→ **ABOUT THIS TASK**
Please repeat every record exactly, leaving out any pictures.

** Opening DATA UNDER STUDY block **

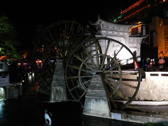 大水车是丽江标志性的建筑,在北门口,那里到处都是旅行团的,照相的。
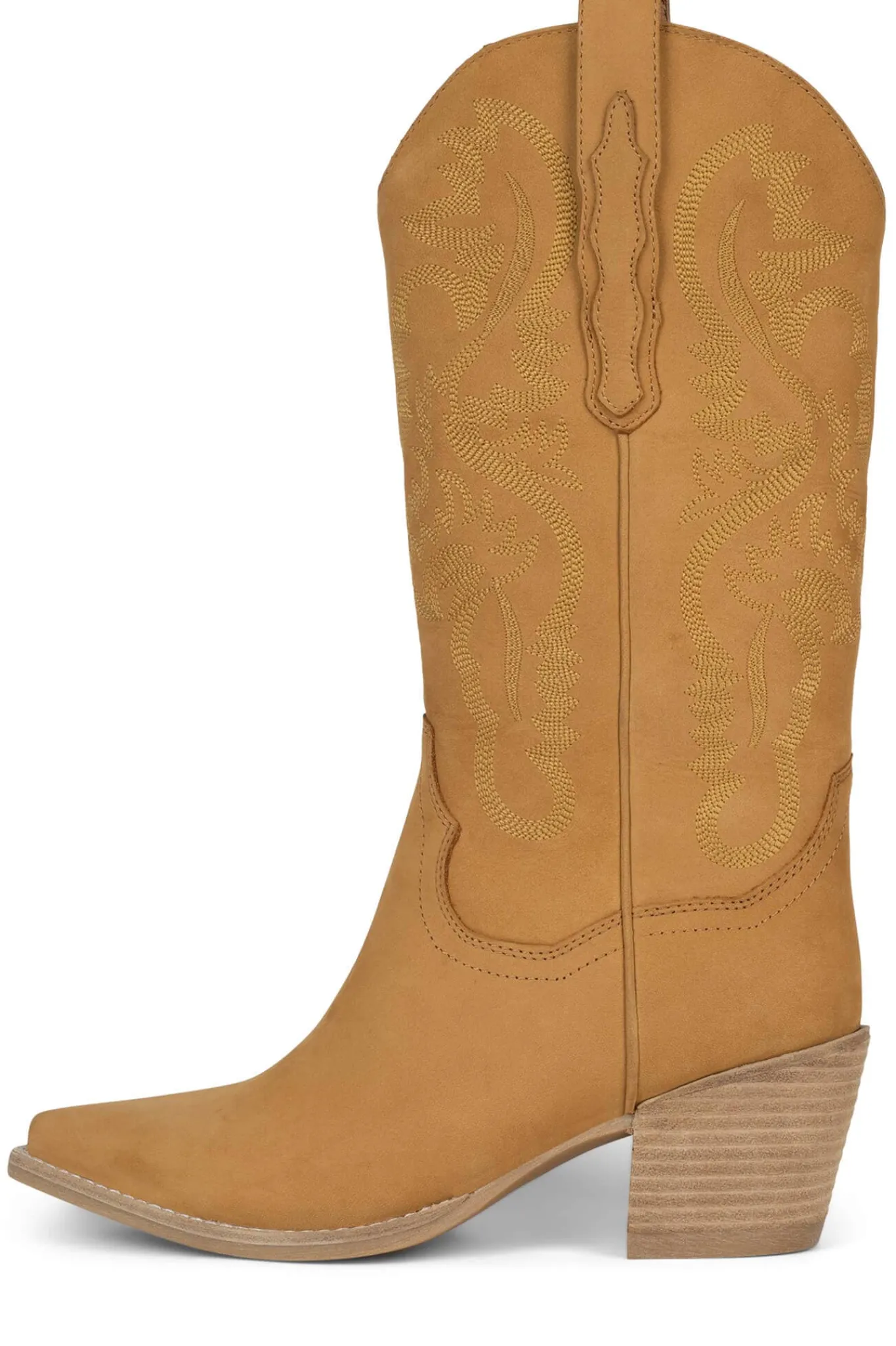Mid-calf western heeled boot.Fits true to sizeMeasurements taken from size 72.5″ heel12″ shaft, 14″ leg openingLeather u…
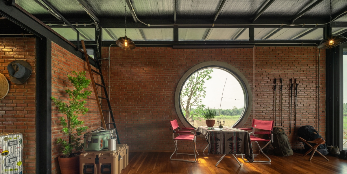 บ้านฟาร์มกลางนา 40 ไร่ในจังหวัดหนองบัวลำภูที่ออกแบบให้สอดรับกับกิจกรรมการทำเกษตรอินทรีย์สมัยใหม่ โดยแบ่งพื้นที่ออกเป็น 3 ส่วน ได้แก่ ส่วนในบ้านที่มีห้องนอนเป็นชั้นลอย ห้องน้ำ ครัวเล็กๆ และพื้นที่ห้องนั่งเล่น ส่วนชานที่มีหลังคา และส่วนชานหลังคาที่ไม่มีหลังคา เติมกิมมิกเก๋ๆด้วยการเลือกใช้เฟอร์นิเจอร์แคมปิ้งที่ยกย้ายได้ตามการใช้งาน >> อ่านต่อ
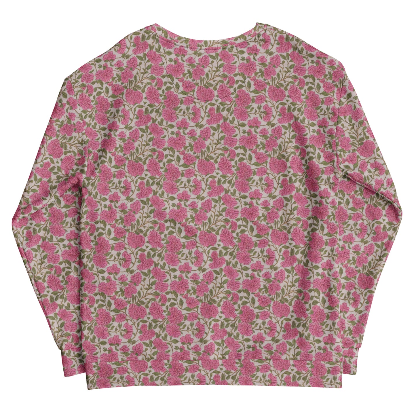 Step into a world of whimsy and elegance with our "Blossom Symphony" all-over print sweatshirt. Featuring vibrant pink florals and delicate green leaves on a soft neutral background, this unique design captures the essence of vintage botanical artistry, perfect for those who embrace a free-spirited lifestyle. Crafted for comfort and style, this sweatshirt is your go-to piece for spring garden parties and summer brunches, ensuring you stand out with every wear.
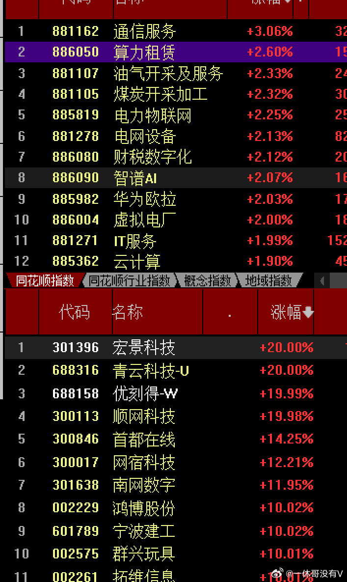 三桶油一回落,大盘情绪就回暖起色了,集中在两个点,其一是周末发酵的AI智能体,养龙虾概念,又新出来的概念,开盘及午后再次崛起,核心龙头的优刻得,顺网,汉得,宏景,首都在线,云赛智联,龙芯中科美格智能等多股领涨,AI涉及到了算力,大数据硬件,IT服务云计算等其二就是算电概念,从智能电网,电网设备,虚拟电厂等受到资金追捧,三变科技快速上板,顺钠4连版了,南网国电南自中超控股,迦南智能德国多股领涨,算力的尽头是电力,不过电力有点偏避险熟悉,更多的是集中在智能电网设备方向抓主要核心方向,远离杂毛
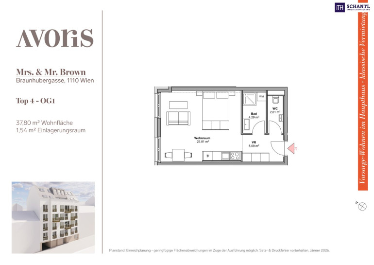 Wohnfläche: ca. 37,80m² + Kellerabteil: ca. 1,54m²
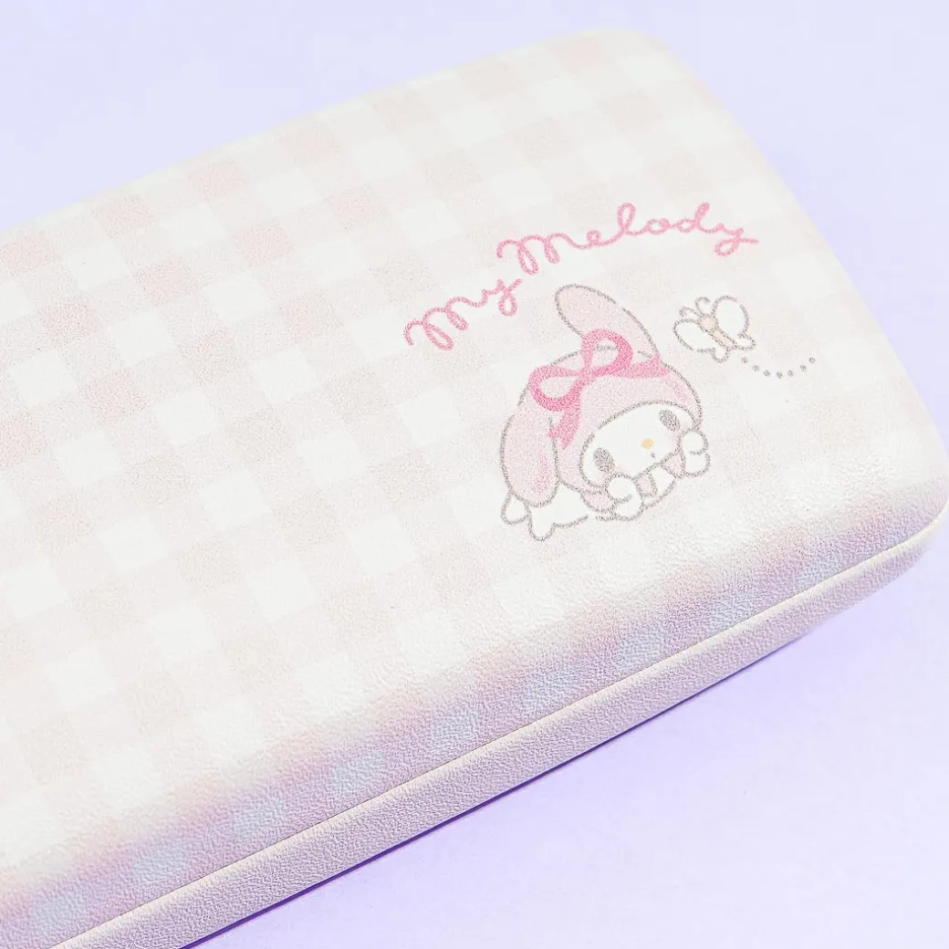 Keep your eyeglasses or sunglasses from getting lost by placing them inside this cute rectangle hard case! It’s decorated with pastel pink gingham patterns and a kawaii illustration of My Melody. It also comes with a cleaning cloth that has a matching print!
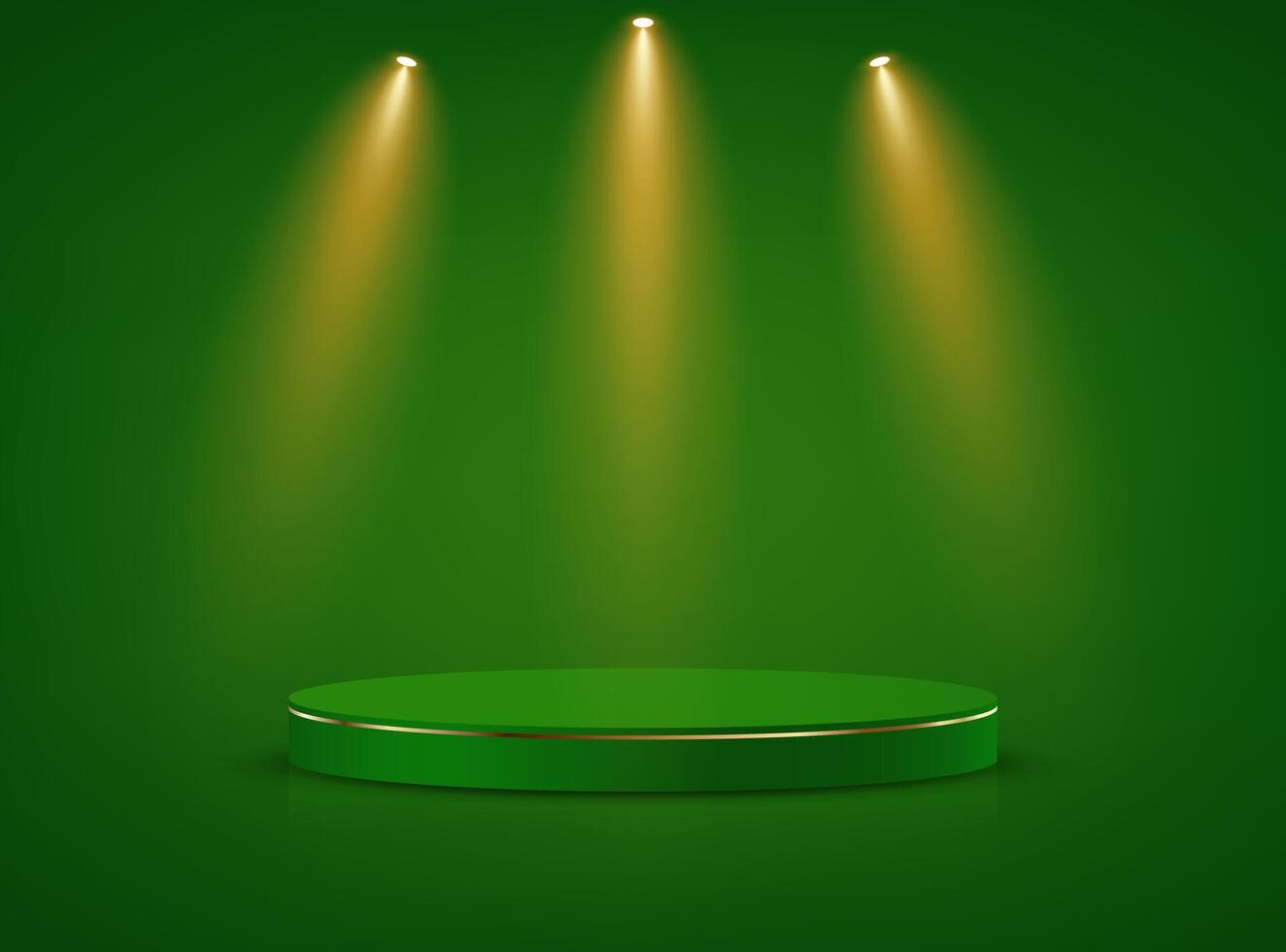 Green background 3d with green and gold podium for product presentation. Empty room with light effect. illustration. Pro Vector
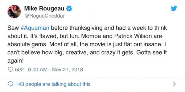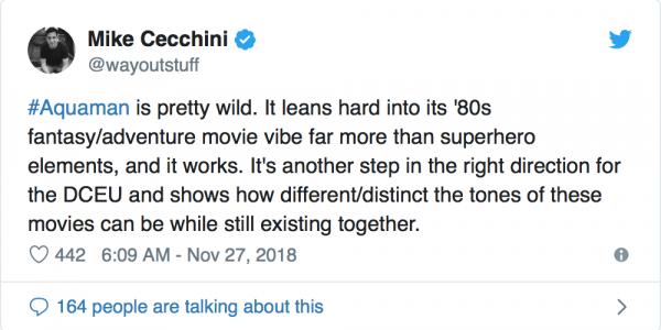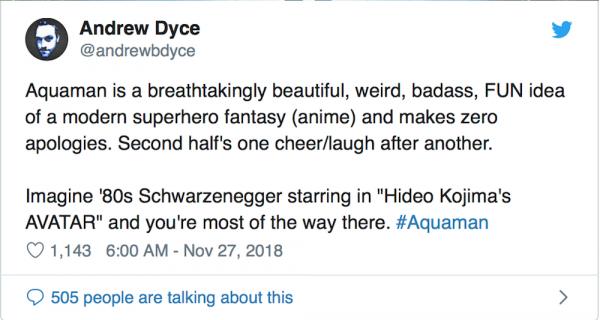 ▼「《水行俠》超棒!他證明了自己不只是亞特蘭提斯的國王,同時也是最新的DC宇宙國王!我等不及想再看了!」

** Closing DATA UNDER STUDY block **

→ **TASK ANSWER**
 大水车是丽江标志性的建筑,在北门口,那里到处都是旅行团的,照相的。
Mid-calf western heeled boot.Fits true to sizeMeasurements taken from size 72.5″ heel12″ shaft, 14″ leg openingLeather u…
 บ้านฟาร์มกลางนา 40 ไร่ในจังหวัดหนองบัวลำภูที่ออกแบบให้สอดรับกับกิจกรรมการทำเกษตรอินทรีย์สมัยใหม่ โดยแบ่งพื้นที่ออกเป็น 3 ส่วน ได้แก่ ส่วนในบ้านที่มีห้องนอนเป็นชั้นลอย ห้องน้ำ ครัวเล็กๆ และพื้นที่ห้องนั่งเล่น ส่วนชานที่มีหลังคา และส่วนชานหลังคาที่ไม่มีหลังคา เติมกิมมิกเก๋ๆด้วยการเลือกใช้เฟอร์นิเจอร์แคมปิ้งที่ยกย้ายได้ตามการใช้งาน >> อ่านต่อ
 Step into a world of whimsy and elegance with our "Blossom Symphony" all-over print sweatshirt. Featuring vibrant pink florals and delicate green leaves on a soft neutral background, this unique design captures the essence of vintage botanical artistry, perfect for those who embrace a free-spirited lifestyle. Crafted for comfort and style, this sweatshirt is your go-to piece for spring garden parties and summer brunches, ensuring you stand out with every wear.
 三桶油一回落,大盘情绪就回暖起色了,集中在两个点,其一是周末发酵的AI智能体,养龙虾概念,又新出来的概念,开盘及午后再次崛起,核心龙头的优刻得,顺网,汉得,宏景,首都在线,云赛智联,龙芯中科美格智能等多股领涨,AI涉及到了算力,大数据硬件,IT服务云计算等其二就是算电概念,从智能电网,电网设备,虚拟电厂等受到资金追捧,三变科技快速上板,顺钠4连版了,南网国电南自中超控股,迦南智能德国多股领涨,算力的尽头是电力,不过电力有点偏避险熟悉,更多的是集中在智能电网设备方向抓主要核心方向,远离杂毛
 Wohnfläche: ca. 37,80m² + Kellerabteil: ca. 1,54m²
 Keep your eyeglasses or sunglasses from getting lost by placing them inside this cute rectangle hard case! It’s decorated with pastel pink gingham patterns and a kawaii illustration of My Melody. It also comes with a cleaning cloth that has a matching print!
 Green background 3d with green and gold podium for product presentation. Empty room with light effect. illustration. Pro Vector
 ▼「《水行俠》超棒!他證明了自己不只是亞特蘭提斯的國王,同時也是最新的DC宇宙國王!我等不及想再看了!」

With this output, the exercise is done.